UM professor receives prize for climate change risk assessment and response

Prize recognizes contribution of up-and-coming climate change researcher
UM professor receives prize for climate change risk assessment and response

Katharine Mach, Ph.D. 

Photo: Jenny Abreau

Miami-- University of Miami (UM) Rosenstiel School of Marine and Atmospheric Science Associate Professor Katharine Mach, whose work informs effective and equitable adaptation to the risks posed by climate change, will receive the Piers Sellers Prize for her solution-focused climate research at a virtual event in June.  

The award is bestowed annually in the name of Piers Sellers, the former astronaut and climate scientist, by the Priestley International Centre for Climate at the University of Leeds. This year, nominations were focused on the contribution of an up-and-coming researcher or research group. 

The prize recognizes Mach as a rising star of the interdisciplinary climate research field and her unwavering commitment to climate solutions via her many publications over the past five years, and significant involvement with Working Group II of the Intergovernmental Panel on Climate Change (IPCC), as co-director of scientific activities and as a lead author. This work on impacts, adaptation, and vulnerability so far has culminated in the IPCC’s Fifth Assessment Report and its Special Report on Managing the Risks of Extreme Events and Disasters to Advance Climate Change Adaptation. The associated global scientific collaborations have supported diverse climate policies and actions, including the Paris Agreement. 

Her work focuses on developing new ways to bring researchers and stakeholders together to understand complex climate risks for human security. She also explores how to address challenges central to responseswhether equity and justice or the need for attention to long-term consequences of present-day choices. Her research assesses climate-change risks and response options to address increased flooding, extreme heat, wildfire and other hazards. 

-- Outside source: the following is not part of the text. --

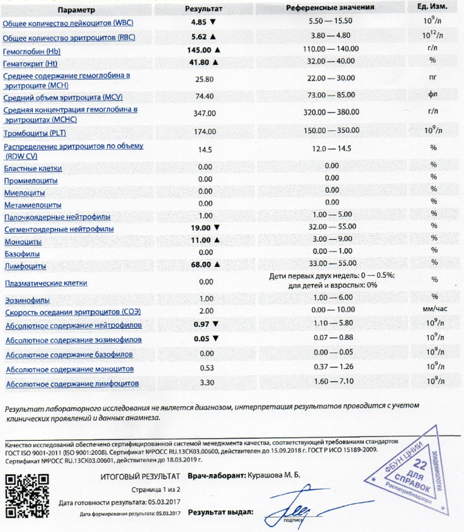 По крови вирус.Повышение эритроцитов и гематокрита наталкивает на мысль о темпе и недостатке питья.Грубо говоря кровь густая.А так...ничего такого.

The award presentation will feature a keynote lecture from Mach on integrative assessment of climate risks and adaptations in support of decision-making and policy. She will discuss recent work on climate and security and on managed retreat, a particularly complicated form of adaptation.

Mach joined the UM Rosenstiel School in August 2019. She is also a faculty scholar at the UM Abess Center for Ecosystem Science and Policy. 

Mach is a lead author for the IPCC Sixth Assessment Report and the U.S. Fourth National Climate Assessment. She serves as an associate deputy editor for Climatic Change and an advisory board member for the Aspen Global Change Institute and Carbon180. Mach received her PhD from Stanford University and AB summa cum laude from Harvard College.